Margot Young | CUPE Research

Study after study shows that public spending on child care should be a top priority. The wide-spread and long-lasting economic, social, and health benefits for children, families, and society far outweigh the costs. However, Canada is last among its peer countries on public spending on child care. Despite all the evidence, the federal Conservative government persists on ineffective high-cost proposals such as income-splitting and the Universal Child Care Benefit.
 
In 2011, the Harper conservatives made an election pledge that they would allow couples with children under 18 to split up to $50,000 of their income each year for tax purposes. This would reduce what the household would pay in taxes to the Canada Revenue Agency.
 
The Canadian Centre for Policy Alternatives (CCPA) study, Income Splitting in Canada: Inequality by Design, showed Canadians that the Conservative plan to extend income splitting to families with children under 18 would provide no benefit to 86 per cent of all families.

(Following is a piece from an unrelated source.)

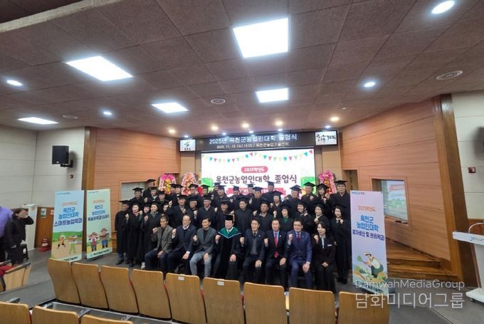 시민행정신문 강갑수 기자 | 옥천군은 19일 농업기술센터 농업인교육관에서 옥천군 농업의 미래를 이끌어갈 농업전문인력을 양성하는 2025학년도 옥천군농업인대학 졸업식을 성황리에 개최하고, 총 43명의 전문 농업인을 배출했다.

Meanwhile the cost to the federal government would be $3 billion and the cost to the provinces would be $1.9 billion for a total loss of revenue in 2015 alone of nearly 
$5 billion.
 
The recent resignation of Federal Finance Minister Flaherty would in part explain why after the last federal budget he specula­ted that the Conservatives may not pursue an income-splitting scheme. Whatever signals Flaherty was trying to send, the Prime Minister has repeated several times that some form of income splitting will be introduced by the Conservatives.
 
So what does all of this have to do with child care?
 
There is talk that the Conservatives may be contemplating increasing their much criticized universal child care benefit. “Income-splitting and the child benefit cheque are examples of using public policy to trade down instead of trading up,” said Trish Hennessy, Director of Strategic Issues with the CCPA.
 
The Universal Child Care Benefit (UCCB) provides $100 a month per child until they are six years of age and costs about $2 billion a year. It delivers little to families in terms of its stated goal to provide choice in child care arrange­ments. The benefit is fraught with unfairness in terms of an income transfer and it does absolutely nothing to address the pressing crisis faced by most families in having available affordable child care.
 
There is a dire shortage of regulated child care for families across Canada. “Canadians are offered a small array of boutique items that cost more and deliver less than a direct investment in a universal child care program would. Such a program would present parents with better options and a greater bang for our collective tax buck. At the end of the day, parents in Canada are still in search of affordable, high quality child care— they’re still faced with a lack of options,” said Hennessy.
 
When you add up the combined cost of income-splitting that benefits the rich and child benefit cheques that don’t buy quality child care, the missed opportunity costs are huge. Canada could accomplish so much more. If Canadian governments are concerned about supporting families with children, they could provide a universal child care program similar to the Quebec model for affordable child care for all families. It is time to rethink child care.